Girls I Have Loved for One Moment

Sarah is splashing me in the hotel pool. We can’t swim, so we stay here in the shallow end, in the blue, blue water. We don’t go in the ocean. She has a pink bathing suit with ruffles, and we are best friends. One morning at the pool her parents are there without her, stretched out on pool chairs. Food poisoning, they say, and I don’t see her again. Weeks after I get home, there’s a postcard from Canada signed with her name. I keep it in a box on the high shelf in my closet, and sometimes I take it down and look at the stamp and read her name.

Caroline is wearing jeans with legs as wide as skirts, but the waist hugs her hips, and she has on an orange t-shirt, and her long hair is falling in waves down her back. She’s standing in the door of our camp cabin with her hand on the wall, the setting sun in her face so she blurs into a silhouette, and beyond her are the trees and the lake, also coated in golden light, and she’s so beautiful.

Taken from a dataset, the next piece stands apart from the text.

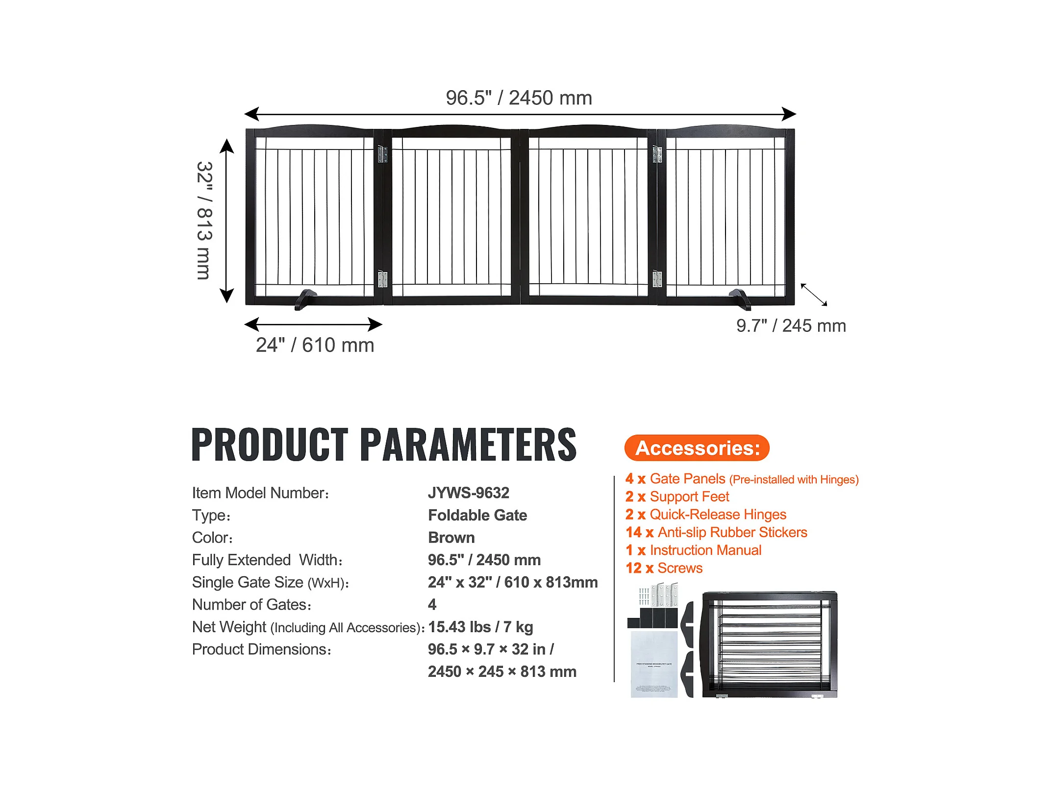 Barrière pour Chien Pliable SucceBuy,81 x 245cm, Autoportante, pour Passages Larges et Étroits, Utilisation Intérieure, Marron

Mary Joe tells me her ancestors left their treasure here, under the rope swing in the playground, and I believe her. She shows me where to dig, her straight blonde hair swinging past her face, she’s grinning. We dig for days, a pit that gets nowhere. She says maybe she forgot the place, maybe they buried it somewhere else. We walk in front of empty camp cabins and shout at them, our voices echoing back. She leans down to me and tells me the ghost story again, and I imagine the ghost is behind us, step-dragging his way down the path. Her head is close to mine. She’s taller than I am, and warm, and blooming, and worldly.

Alexis doesn’t shave her legs, though all the other girls I know started this year. I don’t shave mine either. I’m not allowed. I’m stretched out on the floor and she kneels at my head, rubs her fingers on my temples. I close my eyes. She says, you’re walking through the forest when the devil appears. He takes his pitchfork and scratches your back with it, scratches and scratches and scratches on your back, scratches and scratches and scratches. I sit up, and she lifts the back of my shirt, and there are red lines on my skin, running over my spine. The other girls crowd around to look, and we shiver in delicious fear.

Megan and I stand on a drainpipe over the creek at the park. Her eyes are ringed in liner, her eyelashes caked in mascara, dark as the curly hair on her head, so that her blue eyes shine that much brighter in her face, her freckles stand out that much more on her pale skin. She has silver hoop earrings all in a row in both ears. She walks along the drain-pipe, arms out, and tells me that she just has to tell her mother what to do sometimes. I am in awe. She is fearless.

Annie folds down the waist of her pajama shorts and peels back the bandage to show me her scar. It’s long and raised and the skin is pink and raw. She lets herself fall back on the bed in the small bedroom she shares with her twin. I’ve never seen her without her twin before. They both have long, tanned legs and arms. They are beauty queens. But now their bodies are not the same. She’s missing something her sister has. I sit close to her on the bed, and she talks to me like we’ve always been friends, and I don’t remind her that it isn’t true.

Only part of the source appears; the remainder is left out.